CHALLENGES AND BARRIERS THAT IMPACT WOMEN PARTICIPATING IN CONTINUING HIGHER EDUCATION.
Pursuant of further education is the key to succeeding in the competitive job and business market (Jean-Marie and Lloyd-Jones, 2011).Research has shown that chief executive offices of top companies hold more than just a basic degree. Post-secondary education also gives people a chance to develop skills in area of their interest and hence increase satisfaction in one’s life. Inequalities have been seen to exist in the participation in post compulsory education that is usually sponsored by the federal government. These disparities are largely visible in pursuant of higher education. These inequalities have been seen to be more pronounced in between people of different social groups and gender (Battle and Doswell, 2004).Research has also shown that world over more men tend to pursue and complete their higher education compared to women (Martin, 2011).This therefore means that men are placed at a better position to achieve their academic and professional goals compared to women and this disparity in a country that advocates gender equity is unacceptable. While a lot of studies have been done to show disparities between access to higher education amongst the different sectors of the society little data exist to explain the reasons why less women tend to pursue higher education compared to men (Jean-Marie and Lloyd-Jones, 2011).
Statement of the problem
There is currently a lack of research on reasons why fewer women compared to men pursue higher education. This is despite many research reports showing that despite males and females starting off in equal number in pursuing basic education, the number of females reduces as one moves up the educational ladder and beyond the compulsory state funded education, with a smaller number of females pursuing higher education especially in competitive and academically challenging fields such as business administration and science fields compared to males (Chisholm and September, 2005).There is a lack of research on the challenges and barriers that impact women participating in continuing higher education. The purpose of this study is to identify the challenges and barriers that impact women participating in continuing higher education.
Purpose of the study
The purpose of this study is to establish the various factors that impede women in their pursuant of higher education. It will specifically look at how family obligations, financial constraints and cultural barriers impede women in their pursuance of higher education.
The Research Questions
1. Which family responsibilities pose a hindrance to women pursuing higher education?
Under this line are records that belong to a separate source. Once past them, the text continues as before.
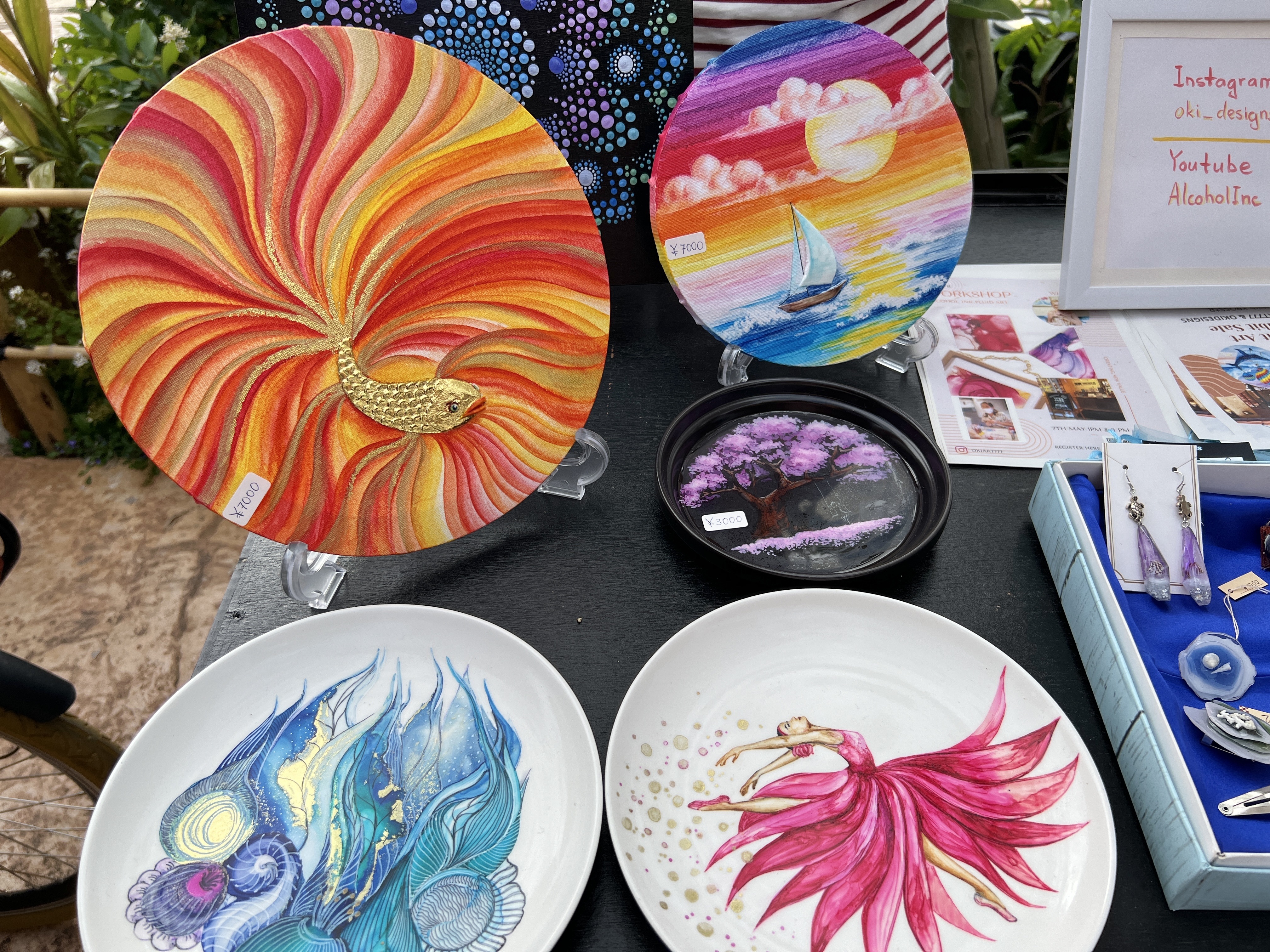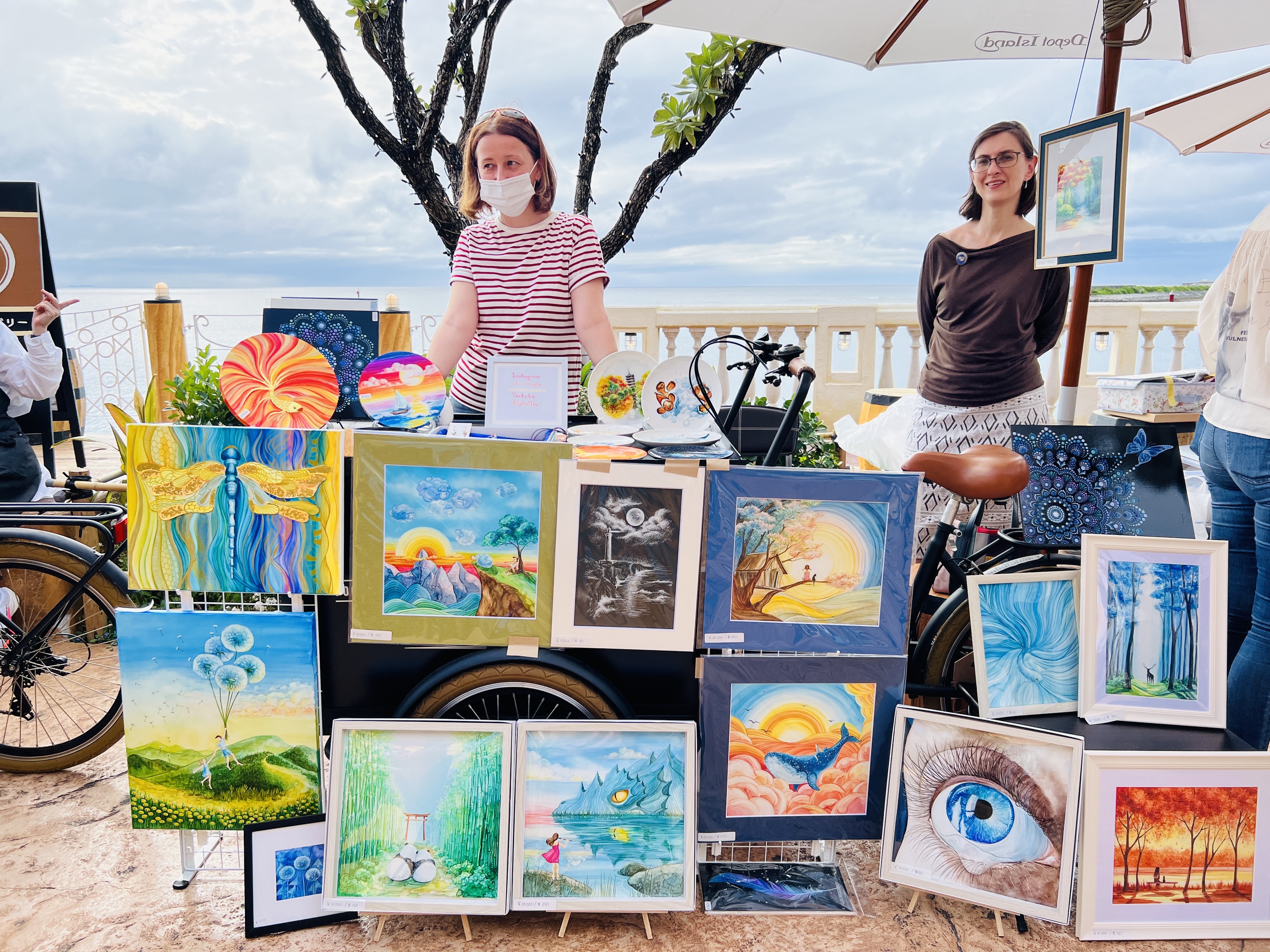Oksanaさんの作品は、令和4年5月1日~14日に北谷町美浜デポアイランド内オークファッションビルのギフトショップ「XROSS*R(クロスアール)」さんにて展示販売のイベントが行われるようです。
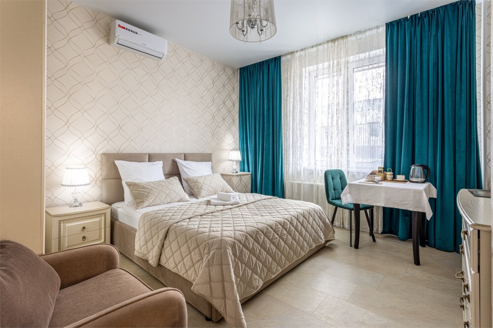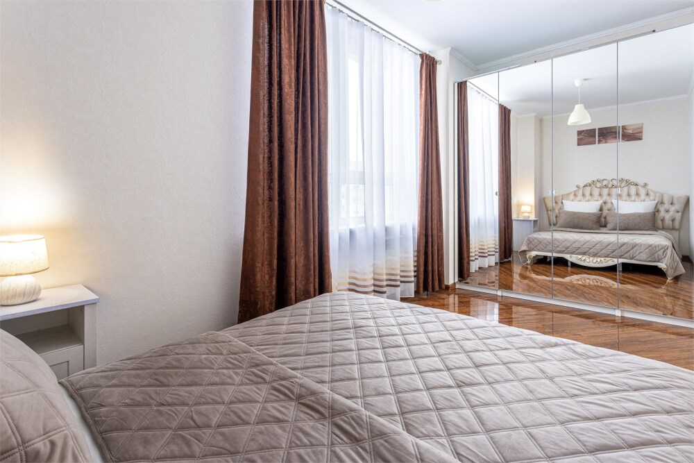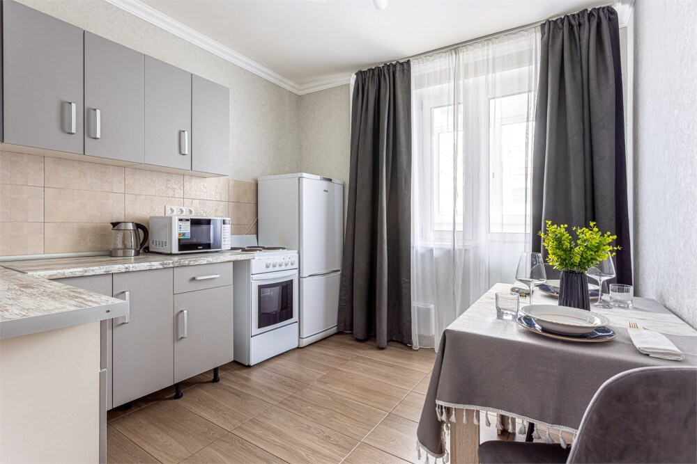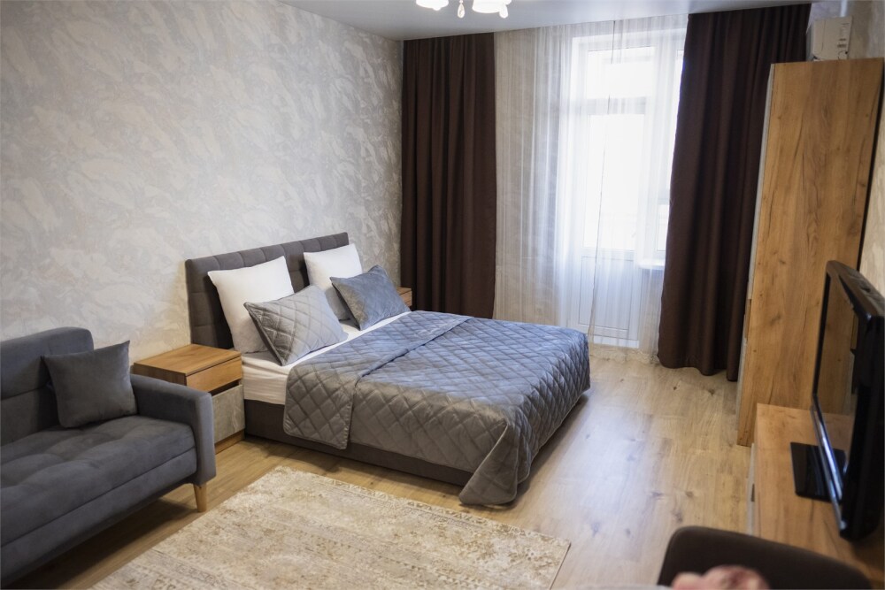 Апартаменты находятся в современном жилом районе, где есть все необходимое для комфортного проживания, как длительного, так и краткосрочного: банки, кафе, рестораны, супермаркеты, салоны красоты, торговый центр.
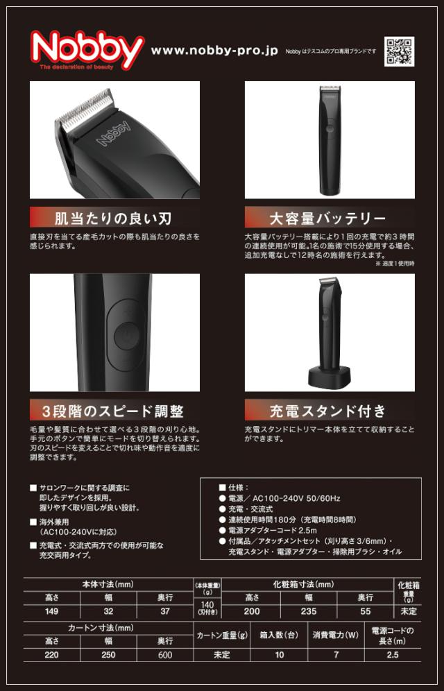 バリカン Nobby トリマー NBT90 (テスコム ノビー セルフカット フェードスタイル フェード クリッパー ハイパワー 静音 おしゃれ)
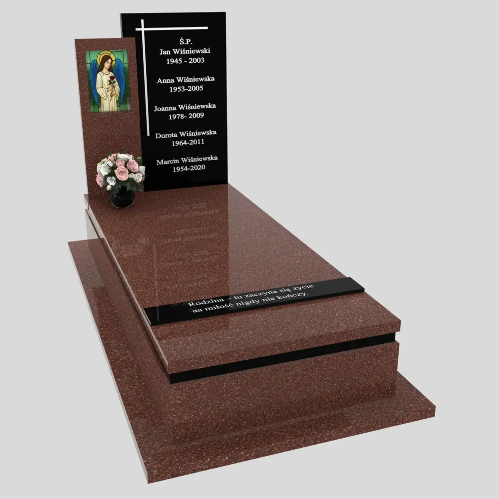 Nagrobek pojedynczy z witrażem anioła z granitu CK 146
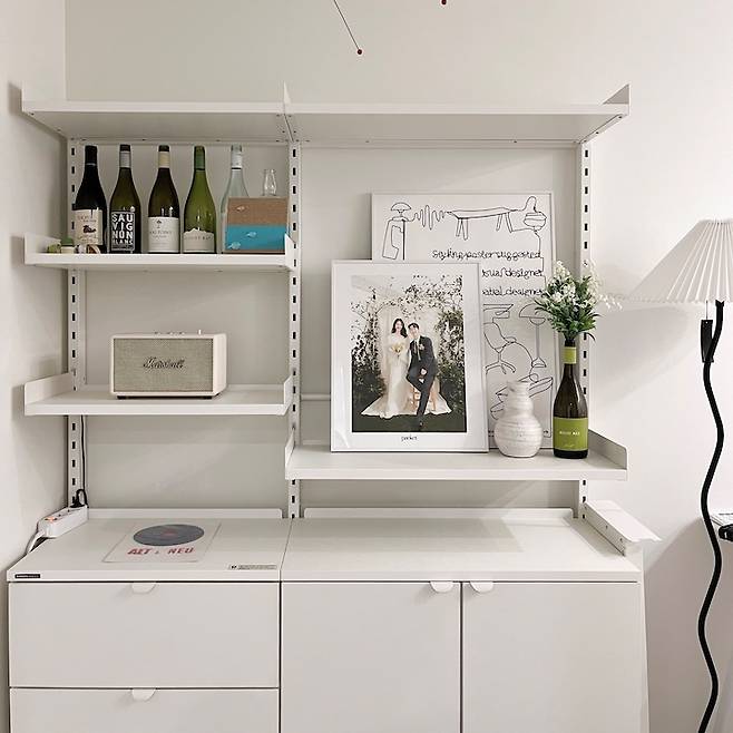 저희 집 현관에서 중문을 열고 들어오면 정면으로 보이는 방이 이 방인데요, 저희 집에 방문했을 때 처음 마주하는 모습이 예뻤으면 좋겠다고 생각하여 이 자리에 선반을 배치했습니다.
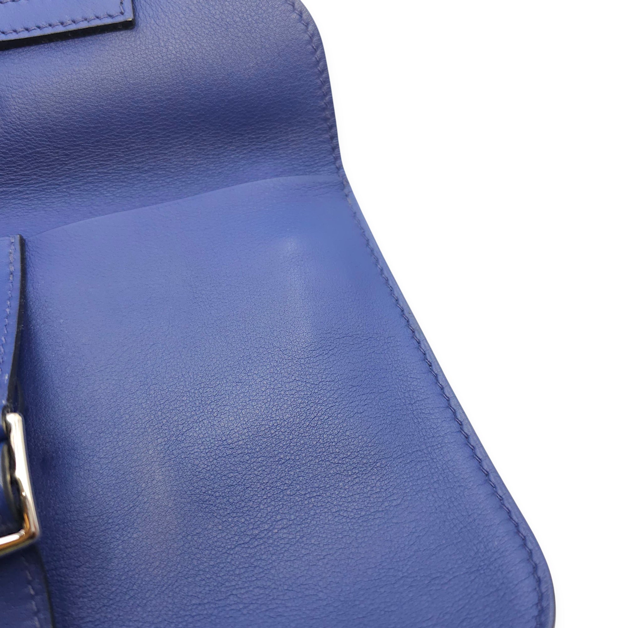 – Compartments: Markings under the flap, staining on the interior
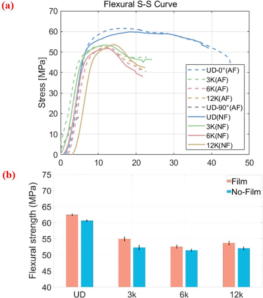 Fig. 5 Maximum flexural strength: (a) Flexural S-S curve (b) Flexural strength |
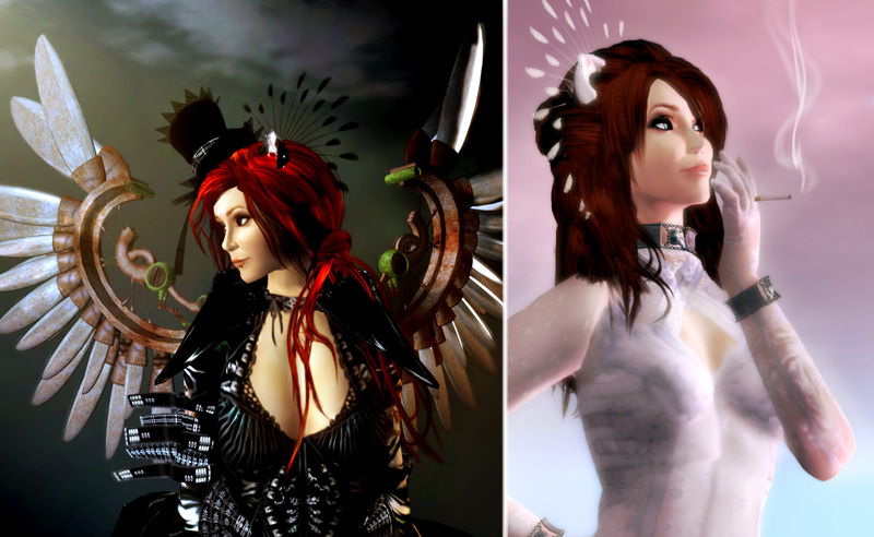 Left: Defectiva’s “Infinity” wings | Middle: EarthStones Slave Cuffs | Right: Elegance Hats hair feathers; Eat Rice’s ears; EarthStones Slave Collar; SbZ Eye Fidelity Neko eyes
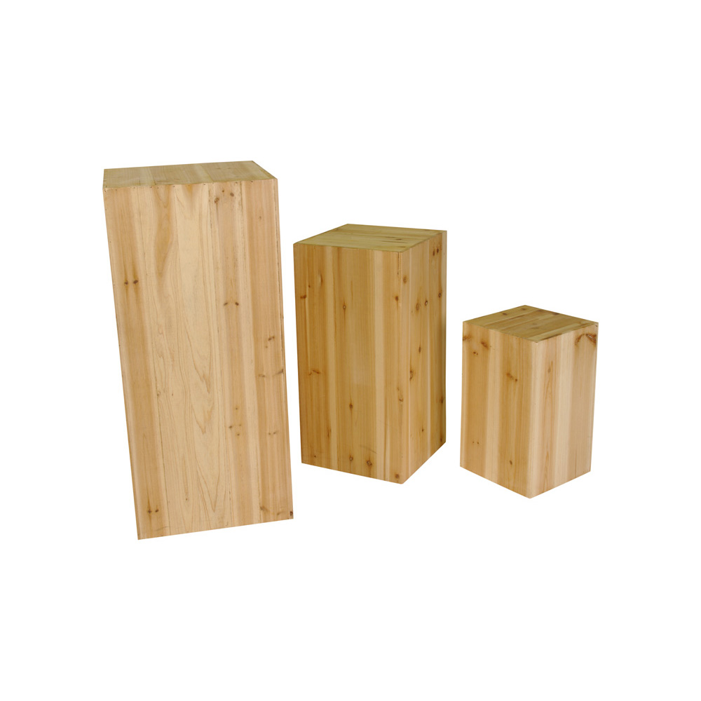 Dieser Holzaufbau besteht aus drei unterschiedlich hohen Kuben i Holzlook. Ideal zur Präsentation von Dekoelementen auf der Fläche des Kubus.
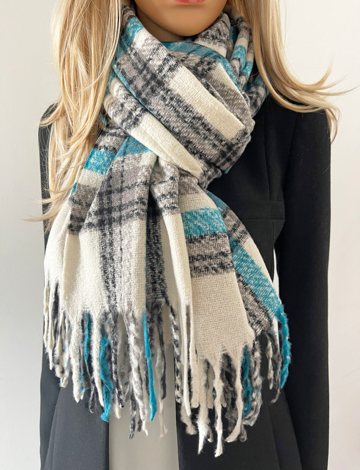 CHUNKY TEAL TARTAN HERRINGBONE STITCHED EDGE SCARF
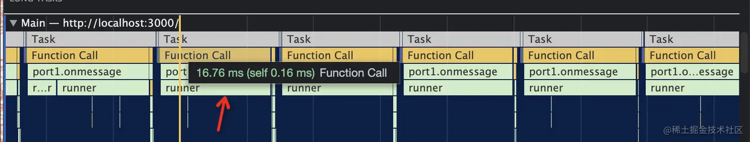 你有审查元素吗?项目背景图是通过 canvas 绘制的,并不是背景图片!通过 canvas 绘制如此多的小圆点,会不会阻碍页面操作呢?当数据量足够大的时候,是会阻碍的,大家可以把 NodeMargin 设置为 0.1 ,同时把 schduler 调用去掉,直接改为同步绘制。当节点数量在 500 W 的时候,如果没有开启切片,页面白屏时间在 MacBook Pro M1 上白屏时间大概是 8.5 S;开启分片渲染时页面不会出现白屏,而是从左到右逐步绘制背景图,每个任务的执行时间在 16S 左右波动。

2. Does ability to access financial assistance affect women’s ability to pursue higher education?
3. Which cultural barriers do women face in the process of pursuing higher education?
Definition of Terms
Social economic factors: Constraints arising from a person’s financial status and that make them face a life of poverty or financial empowerment.
Cultural factors: Limitations that arise due to beliefs and practices that one has acquired from the family and society.
Economic potential: Ability of a person to contribute to the family’s or country’s financial input.
Psychological factors: Constraints that arise from a person’s state of mind and internal convictions, opinions, fears and expectations.
Financial obligations: Cost that a person is supposed to meet as part of their contribution to the family budget.
Ethnic Minority: A group of people that are viewed to make up a small proportion of the total population.
Barrier: A deterrent to the achievement of a set objective.
Higher Education: Education beyond the secondary school level.
Organization of the Study
The first chapter gives a background of the research topic then states the problem that the research aims to address. The second chapter will review the literature that relates to the problem identified in chapter one by first looking at the situation worldwide and finally concentrating in the state of Florida and finally the third chapter will state the methodology that will be used to determine sample size which will be random sampling of 10% of the total population. Data will be collected using questionnaires.
Overview of Barriers and challenges that women face in pursuing education.
Education has and continues to be the key to achieving a better life; it gives one a chance to productively participate in income generation of the household. Women represent over half of the world’s total population and they hence make up about half of the total workforce .Women over the last two decades have made great strides in the education with most of them completing high school and going ahead to earn a diploma or a bachelor’s degree.Howevor there is a great underrepresentation of females in higher education (Allen, Dean and Bracken, 2008). World over the disparities in access of education between women and men differ greatly. The disparity is greatest in the African and some parts of the Asian continent, In the United States over the past twenty years a lot of effort has seen the disparity greatly reduced. This has been through increased learning opportunities.Howevor women are still not pursuing higher education as much as the men do. In the state of Florida this disparity has been noted and there is little data on the barriers and challenges that women meet when pursuing higher education. The hurdles that women face in pursuit of higher education is numerous and some of them are social economic in nature and others emanate from personal convictions of the woman (Mabokela, 2007).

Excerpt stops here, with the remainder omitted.